Brace or Embrace? That is the Question.

Photo by Jennifer Bonauer on Unsplash

You know quite well, deep within you, that there is only a single magic, a single power, a single salvation…and that is called loving. Well, then, love your suffering. Do not resist it, do not flee from it. It is your aversion that hurts, nothing else. (Herman Hesse)

What was the last time you had something happen to you that you really didn’t want to happen?   That thing that created in you a kind of digging your heels in, push back on reality kind of bracing.  “That is not what I needed today!”    Like driving to a car preventative maintenance appointment and having your car break down on the way.   Or finding out someone you believed was a friend has been spreading untrue stories about you, behind your back.   Or getting a health diagnosis for a loved family member that leaves you feeling powerless and devastated.

Life happens – when we brace for it, we are saying with our bodies, with our whole selves – “This is not what I want to experience, not these emotions, not these sensations.”  This is my reality and I want it the way that I want it.   In this moment of bracing against the reality we are actually experiencing, this moment of tension soaks up considerable energy, considerable attention – a proverbial square peg in a round hole as we protest how what shows up does not fit in our template of what we feel should be showing up.

So we should just accept what comes, right?  I hear and feel the calling, the higher self that can express in the moment, like a cosmic voice over, “Everything is all right as it is.”   The call to step back, tune in, expand out and feel that this road block, this upset, this unexpected change in fortune is all alright.  Yes.  Yes and…..I acknowledge I am my highest self – right now and also the self who is balancing connection with the people in my life and the list of priorities that come with work, with school. With caregiving.  With self-care.

I visit my higher self and live daily the really real with the rest of me.  I find it is often the mundane moments that bring out my tendency to brace rather than embrace, the spilling of the coffee grounds, the aftermath of taking the wrong turn on an unfamiliar road, the gap between small expectations of how time shared with a loved one will be and what actually happens.  Even when not identified with the clash of expectations and experience, I can’t claim to occupy the kind of spaciousness to embrace fully.  Sometimes.  Sometimes not.  Maybe you can relate.  I can go with the flow, finding that easiest when I don’t have a plan, when I am not following purpose.   But bracing happens when something that matters is at risk, when we project our fear of what could happen onto the event unfolding in front of us. 

What does love have to do with it?  The core of embracing what “shouldn’t” be happening comes from love, from warm attention, from greeting the experience.  From acknowledging what I have here, including my reaction to the experience as part of my experience.  A reaction that can flow into a response.  No extra baggage, no sticky labelling of the happening, the start of a story that surrounds your experience.  Just naked experience.

Being naked might feel freeing.  Or make you shiver.  Bracing stops the flow of our experience.  Puts on the brakes.  Might feel more stable.  Much harder to move from there.  We might feel the freedom to flow from one experience to the next, having our reactions without stopping the flow of our experience.  The flow of unimpeded tears, the flow of frustration mingling with ongoing curiosity and attention to what can happen next.

When you notice yourself next in the posture of brace, is there space to pause?

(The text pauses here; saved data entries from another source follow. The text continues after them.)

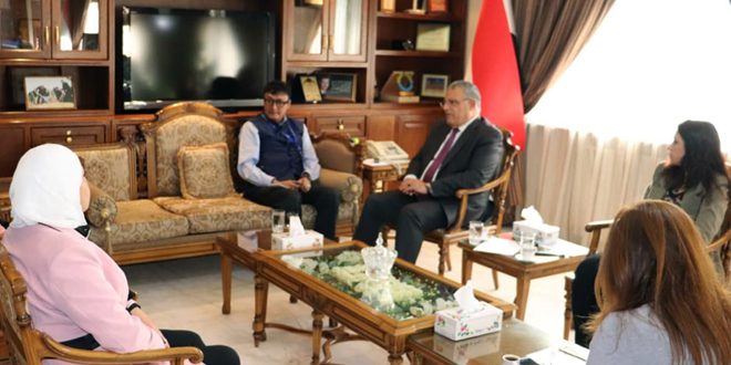 بحث وزير الزراعة المهندس محمد حسان قطنا مع الممثل المقيم لبرنامج الأمم المتحدة الإنمائي سوديبتو موكرجي سبل التعاون في المجال الزراعي والتنمية الريفية.
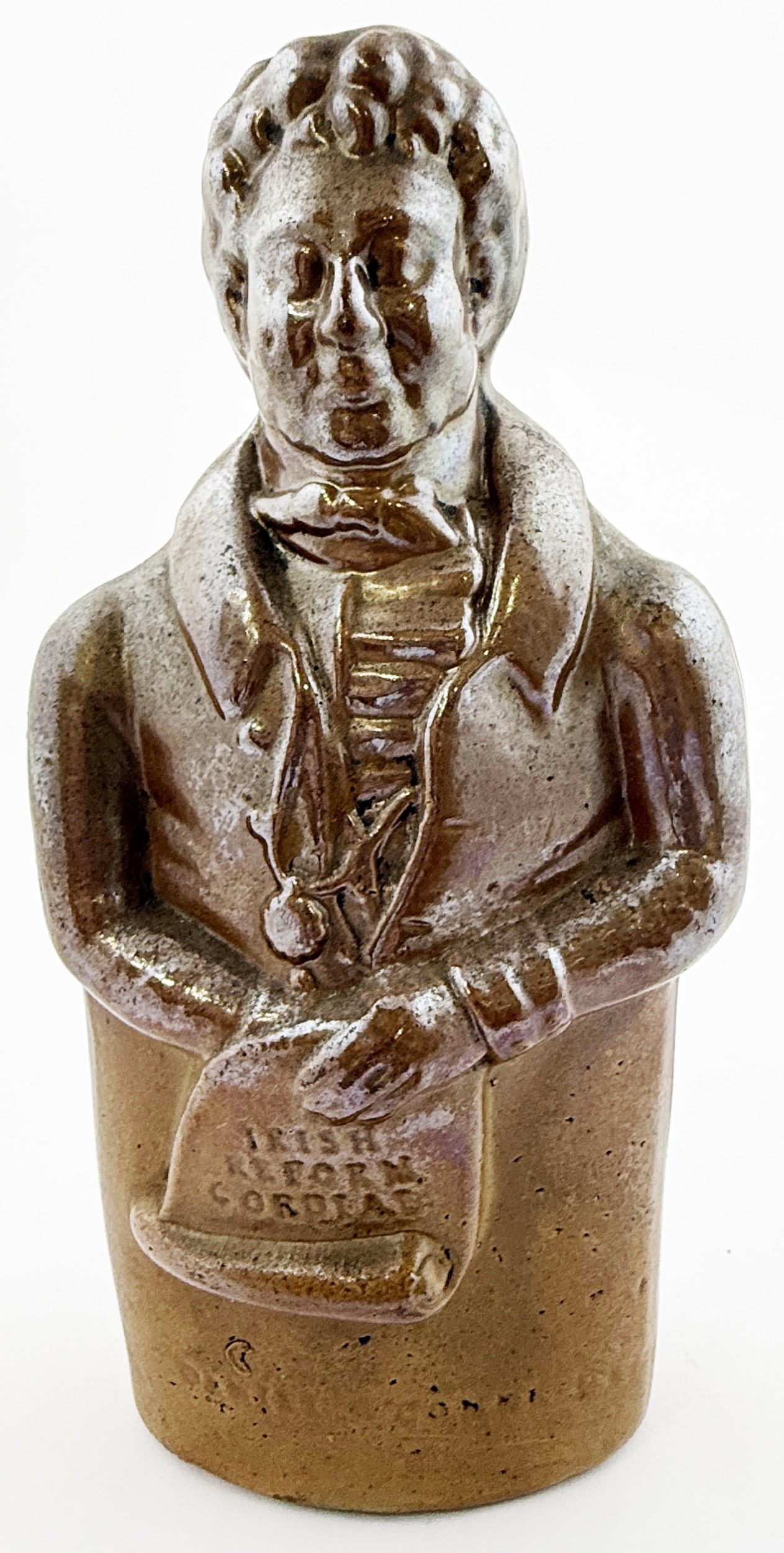 IRISH REFORM CORDIAL FLASK. RF p32. 7.25ins tall. Reform flask modelled as Daniel O Connell, unusual in that there is no pottery mark, these are usually Bourne Potteries pieces. Dudley Davidson collection. Excellent condition.
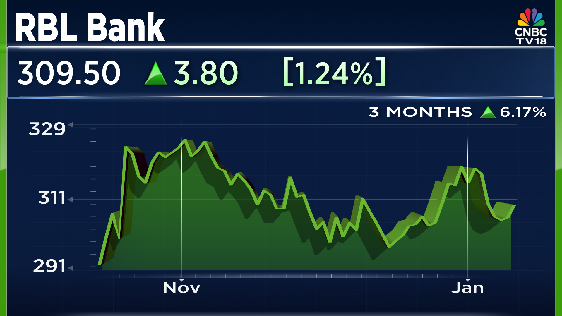Shares of RBL Bank are trading 1.3% higher at ₹309.65. The stock is trading close to its 52-week high of ₹332, having doubled in value over the last 12 months with gains of 101%.
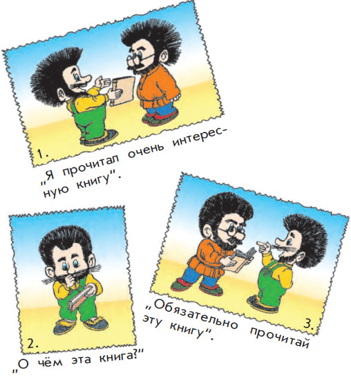 Рассмотри картинки. Что делают Афанасий и дедушка Фёдор на каждой картинке? С какой целью они говорят?
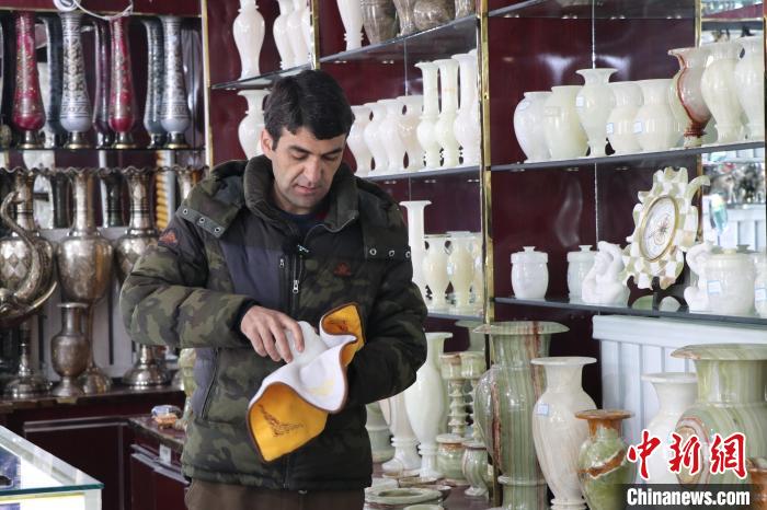 皮亞爾·卡里姆在店裏擦拭玉器。(資料圖)苟繼鵬 攝

To soften?  To open up just enough to breathe into the moment?  I’m not saying you shouldn’t care about what happens, to let go of what matters to you. You will have so much more available to you from a posture of embrace, so much more than hunkering into a defended stance.   I feel this choice strongly, in the daily work as an entrepreneur, the daily invitation and the daily discipline to invite openness into my purpose, especially when the networking connection fizzles, the client cancels.  This is a form of personal leadership to receive, without relinquishing, to connect without being overwhelmed.  To embrace what is at stake for you when things are not working out.  To lean in, to discover again what is valuable and maybe in that space another way will become visible on the path to your purpose.  

This is a personal leadership that can be with what feels like chaos, the breakdown of our predictions – the familiar tool of projection we use to withstand not knowing what will happen next.  We brace because it feels too vulnerable to embrace the unknown, because it feels slippery and we are afraid of falling, of losing what we would hold close.   Compared to our habits of bracing, embracing can feel defenseless, weak.  So start with embracing the mundane unwanted things, the car breaking down, the spilled coffee grounds.  Find out what is on the other side of embracing your fear of what you don’t want to happen.